2. Saklılık konusunda kullanıcı tecrübesini (UX) müşteri tecrübesine (CX) dahil eden kuruluşlar 2023 yılına gelindiğinde, dahil etmeyenlere nazaran daha fazla güvenilirlik ve 20’ye kadar daha fazla dijital gelir elde edecekler. Tüketiciler şahsi bilgilerinin nasıl kullanıldığını bilmek istiyor ve bilgi kullanması konusunda şeffaf olan şirketlere daha epeyce güveniyorlar. tıpkı vakitte müşterilerin bir kuruma güvenmesi; sadık olma, o şirketi tavsiye etme, daha fazla eser ve hizmet satın alma olasılıklarını artırıyor. Kuruluşlar, saklılığı müşteri tecrübesinde merkezi hale getirerek bu durumu gelir elde etmek için kıymetlendirebilir. Şeffaflık ve mahremiyete yönelik proaktif bir yaklaşım ile bu durumu benimsemek, kamu imajını geliştirerek ve müşteri itimadını artırarak işletmelerin gelir hasılatını artıracaktır.
3. Kuruluşların 20’sinden çoksı uygun saklılık denetimlerini belirlemek ve yönetmek için Data Risk Değerlendirmesi (DRA) kullanacak fakat bunun nasıl uygulanacağı konusunda düzenleyicilerden rastgele bir rehberlik elde edemeyecekler. Kuruluşlar, daima artan ölçüde datayla dolu ve değişen bir dünyayla karşı karşıya kalıyor. Bilgiler ise eser ve hizmetleri geliştirmek için uygun biçimde kullanıldığında büyük iş fırsatlarına kapı açabiliyor. birebir vakitte kuruluşlar birebir anda gelişen milletlerarası bir saklılık ve bilgi muhafaza kanunları portföyüyle karşı karşıya kalıyor. Bu durum, dataların uygunsuz biçimde kullanılmasına niye olarak kıymetli iş riskleri yaratıyor. Saklılık düzenleyicilerinden bu cins risklerin nasıl azaltılacağına ait rehberlik ise ekseriyetle yetersiz kalabiliyor. Şirketler, potansiyel saklılık ve bilgi müdafaa risklerini belirlemek ve tahlil etmek için bir DRA kullanabilir. DRA’nın sonuçları, mevcut data güvenliği denetimlerinin muvaffakiyetini belirlemeye ve daha fazla mühendislik gerektiren boşlukları yahut tutarsızlıkları belirlemeye yardımcı olacaktır.
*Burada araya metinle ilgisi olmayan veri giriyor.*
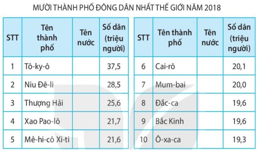 a) Ghi tên các nước vào bảng sau theo mẫu sao cho phù hợp. b) Xác định tên của năm thành phố đông dân trên thế giới năm 2018 trong lược đồ sau:

Ayrıyeten DRA, global bilgi müdafaa ve saklılık maddelerinin uyumluluk ihtiyaçlarının karşılanmasına yardımcı olarak ezkaza ifşa, uygunsuz bilgi sürece yahut öteki data ihlalleri riskini azaltabilir.
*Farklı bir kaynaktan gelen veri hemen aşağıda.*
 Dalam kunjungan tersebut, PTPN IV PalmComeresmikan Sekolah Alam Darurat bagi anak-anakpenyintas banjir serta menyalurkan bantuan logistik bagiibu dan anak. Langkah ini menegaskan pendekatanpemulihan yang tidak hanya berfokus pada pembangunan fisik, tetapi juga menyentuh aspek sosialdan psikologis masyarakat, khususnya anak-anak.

4. Davranış İnterneti (IoB) sistemleri 2025 yılı sonuna kadar, dünya nüfusunun yarısından fazlasını etkileyen ve istenmeyen sonuçların riskini artıracaktır. İzleme sensörlerinin yaygınlığı, IoT aygıtları ve büyük data kümelerinin geniş kullanılabilirliği, kullanıcı davranışlarının çevrim içi ve çevrim dışı olarak eşi görülmemiş bir biçimde değerlendirilmesini sağlıyor. IoB sistemi ise bilinmeyen davranışları yakalamayı, tahlil etmeyi, anlamayı ve bunlara cevap vermeyi amaçlarken, bunu yapmak için ticari müşteri bilgileri, kamuya açık vatandaş dataları, toplumsal medya, yüz tanıma ve pozisyon izleme üzere birden çok istihbarat kaynağını birleştiriyor. Fakatdenetimsiz bırakılan bu sistemler, sansür yahut gerçek bilgi vermeyen olumsuz sonuçlar da olabilir. Bu niçinle, doğal olarak algoritmaların pozisyonu ve güvenilirliği, karar vermenin arkasındaki etik, ferdi hak ve özgürlükler ile IoB sistemlerine ait özerkliğin korunması hakkında tartışmalar devam etmektedir. Büyüyen bir IoB sisteminde güvenlik başkanları, istikrar ve tutarlılık sağlamalıdır. Tüm bağlı varlıkların uyması gereken zımnilik, güvenlik, etik ve orta temas için bir çerçeve oluşturarak istenmeyen sonuçların riski daha da azaltılabilir.